Lab Report #7 Drag Force on a Coffee Filter

Purpose:

to study the relationship between air drag forces and the velocity of a falling body.

Procedure: Using a packet of nine coffee filters, Logger Pro software and motion sensor we measured the drag force of the paper filters. To make sure that our results were more accurate and consistent we made sure the shape of the packet of filters stayed the same throughout the experiment.

This is because drag is affected by the surface area of the object as well so, the greater the surface area the greater the drag force will be and vice versa, the smaller the surface area of the object the smaller the drag force will be therefore, to keep a somewhat constant surface area it is important to keep the shape for all the filters the same. If the filters were separated then the data collected from the results of the experiment would not be as accurate or precise.

We let the filters fall from a height of 1.5 m right above the motion detector; we collected the data from each of the nine coffee filters, removing one at a time, five different runs each. My first prediction on how the graph would look like was that it would be a curve concave down, similar to the graph of gravity because I acceleration was still involved.

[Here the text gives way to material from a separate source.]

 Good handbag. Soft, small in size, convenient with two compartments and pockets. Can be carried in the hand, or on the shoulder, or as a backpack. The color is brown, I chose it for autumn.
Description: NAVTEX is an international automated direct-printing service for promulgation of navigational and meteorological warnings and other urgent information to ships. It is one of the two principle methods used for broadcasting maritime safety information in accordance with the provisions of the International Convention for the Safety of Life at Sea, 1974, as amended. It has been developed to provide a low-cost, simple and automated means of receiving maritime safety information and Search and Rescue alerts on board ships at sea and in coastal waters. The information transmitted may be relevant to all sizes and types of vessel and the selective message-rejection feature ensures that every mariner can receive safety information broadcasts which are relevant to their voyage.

After the experiment I found that the correct graph looks sort of linear and that the Speed is actually constant.

We examined the position vs. time graph obtained with the help of Logger Pro, selecting a small range of data points near the end of motion where the pocket moved with constant speed; we excluded the points where the motion was not uniform. Using the linear curve fit feature in Logger Pro (y=mx + b) we found the slope of the graph to be -0.8068 m/s The slope represents a constant velocity, which is the velocity of the drag.

We also created a second graph using Logger Pro with number of filters vs. average terminal speed. By using the Power law fit of the data we recorded the power "n" given, n=2.070 and we found that our percent error was 3.5% based on our calculations using the %error formula: ((real-exp.)/(real))x100% where  the real/accepted value for “n” is 2.00

 

 

 

Conclusion:

 Based on our observation we have concluded that drag is directly proportional to weight of the packet and consequently drag force depends on the speed of the object. Comparing drag force equation Fdrag= ¼(Av^2), to equation Fd=kabs[v] ^2 1 from the Lab we determined that exp=2= air drag accepted value, k=A=some constant and v=Average velocity. The fit parameter represents the some of the key points we already talked about. For example, Graph number 2 shows the relation between average velocity and the # of coffee filters/ weight; we can say that as the # of coffee filters/weight increase, the average velocity increases too.

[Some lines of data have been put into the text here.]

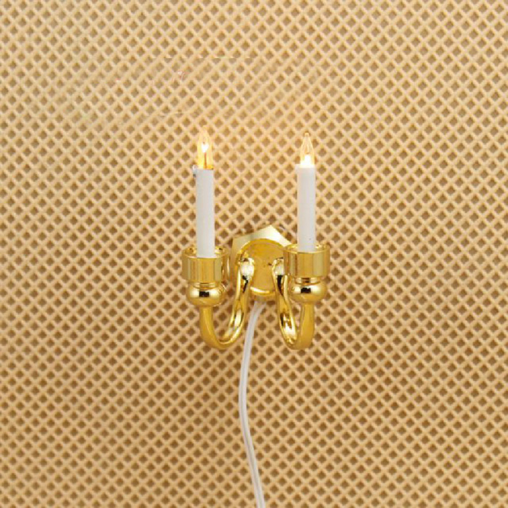 Миниатюрное освещение для румбоксов и кукольных домиков - бра с подсвечниками, металл золото. Миниатюра 1/12
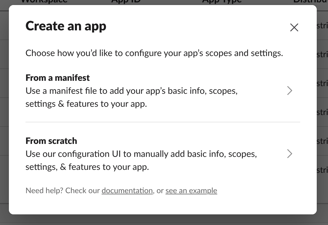 「Create New App」を押すとモーダルが開きます。ここでFrom a manifestを選択します。
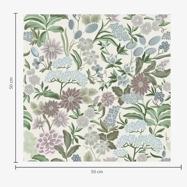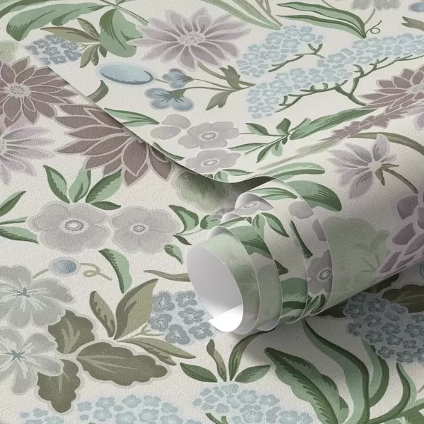 Тапет Пастелни цветя и листа в ментово-синя палитра Nr. a00642

Some of the sources of greater error or areas where the experiment could be improved to obtain more accurate results from the experiment would be to drop the coffee filters at the same height, the same way each time. Also, the pack of coffee filters may not have been exactly the same for each run because the filters would impact the floor each time and they might have suffered some deformation so, the air drag would slightly change each time in a way that might not have changed if the surface area of the packet was not disturbed.